Images of the leading fluorescence guidance systems evaluated here, targeted for open surgery use, shown with relative approximate size comparison. The PerkinElmer Solaris, Curadel ResVet Lab-Flare, and SurgVision Explorer Air are not 510(k) cleared for human use, while the others are for ICG procedures. All have capability to image ICG in surgical trials, with differing levels of sensitivity and features. Images from left to right are from Solaris™ Open-Air Fluorescence Imaging System, Printed with permission, (c)2015-2016 PerkinElmer, Inc., all rights reserved; NOVADAQ Spy-Elite™, copyright 2016 Novadaq Technologies Inc.; Quest Spectrum™, copyright Quest Medical Imaging; Fluobeam(R), copyright 2016 Fluoptics; Hamamatsu PDE-Neo™; Lab-FLARE(R) Model R1 copyright CURADEL; Visionsense Iridium™, copyright Visionsense; SurgVision Explorer Air prototype, image courtesy of SurgVision. All images have been printed with permission from copyright holders.

Handheld systems can provide better access to complex tissue geometries, such as around the head and neck or inside limbs, and are also highly mobile, whereas the larger systems generally have a wide range of functionalities such as multiple fluorophore capability, large FOV size, and large working distance. Both the PerkinElmer Solaris and Curadel Lab-Flare system have a large range of FOV sizes over which focus errors are minimal; the Lab-Flare in particular has been optimized to maintain parfocality from $0.9\times 0.9{\mathrm{cm}}^2$ to $25\times 25{\mathrm{cm}}^2$ over working distances from 12 to 18 in., enabling its usage in a wide range of surgical applications.
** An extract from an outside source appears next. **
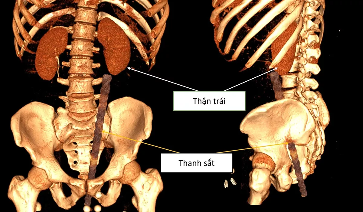 أظهر الفحص السريري والتصوير المقطعي المحوسب للبطن وجود دماء في القناة الشرجية والمثانة مع انتشار الهواء الحر والنزيف في تجويف البطن، واكتشف الفريق الجراحي أثناء العملية أن الجسم الغريب انتقل من منطقة الشرج ليصل إلى الضلع القطني الأيسر مسببا أضرارا بالغة في الحوض والفضاء خلف الصفاق، وتضمنت الإصابات كدمة في جدار المستقيم الأمامي بطول 3 سم وتلفا كاملا في الحالب الأيسر من جدار المثانة حتى حوض الكلية مع تمزق جدار الشريان الحرقفي الأيسر، وتسبب هذا التمزق الوعائي في تكون ورم دموي ضخم خلف الصفاق مما جعل حياة المريض في مهب الريح داخل مستشفى كام فا العام بمدنية كوانغ نينه التابعة لجمهورية فيتنام.

The appropriate working distance depends directly on the intended usage, but it is interesting to note that the Solaris is the only system with a fixed working distance of 75 cm, which keeps the imaging head well out of the way of a surgeon’s workspace. Along with the use of multiple excitation angles, this system attempts to provide a highly ergonomic solution to imaging fluorophores during surgery, replacing the surgical light as well. Nevertheless, as surgical applications are highly varied, ranging from inside the abdominal cavity to under the armpit, there is no single optimal design, and selecting a system will require careful consideration of its intended use. With large FOV options available on some systems, the image uniformity and quality across the field can be an important factor to consider. Qualitatively, these aspects were not significantly different across the large roll-in systems, but the handheld devices designed with lightweight optics were of acceptable but slightly poorer performance. This may or may not be significant depending on the intended clinical application, but could be important especially when fluorescence guidance is being used to save or resect fine structures, such as nerves, demanding high resolution and quality across the entire FOV.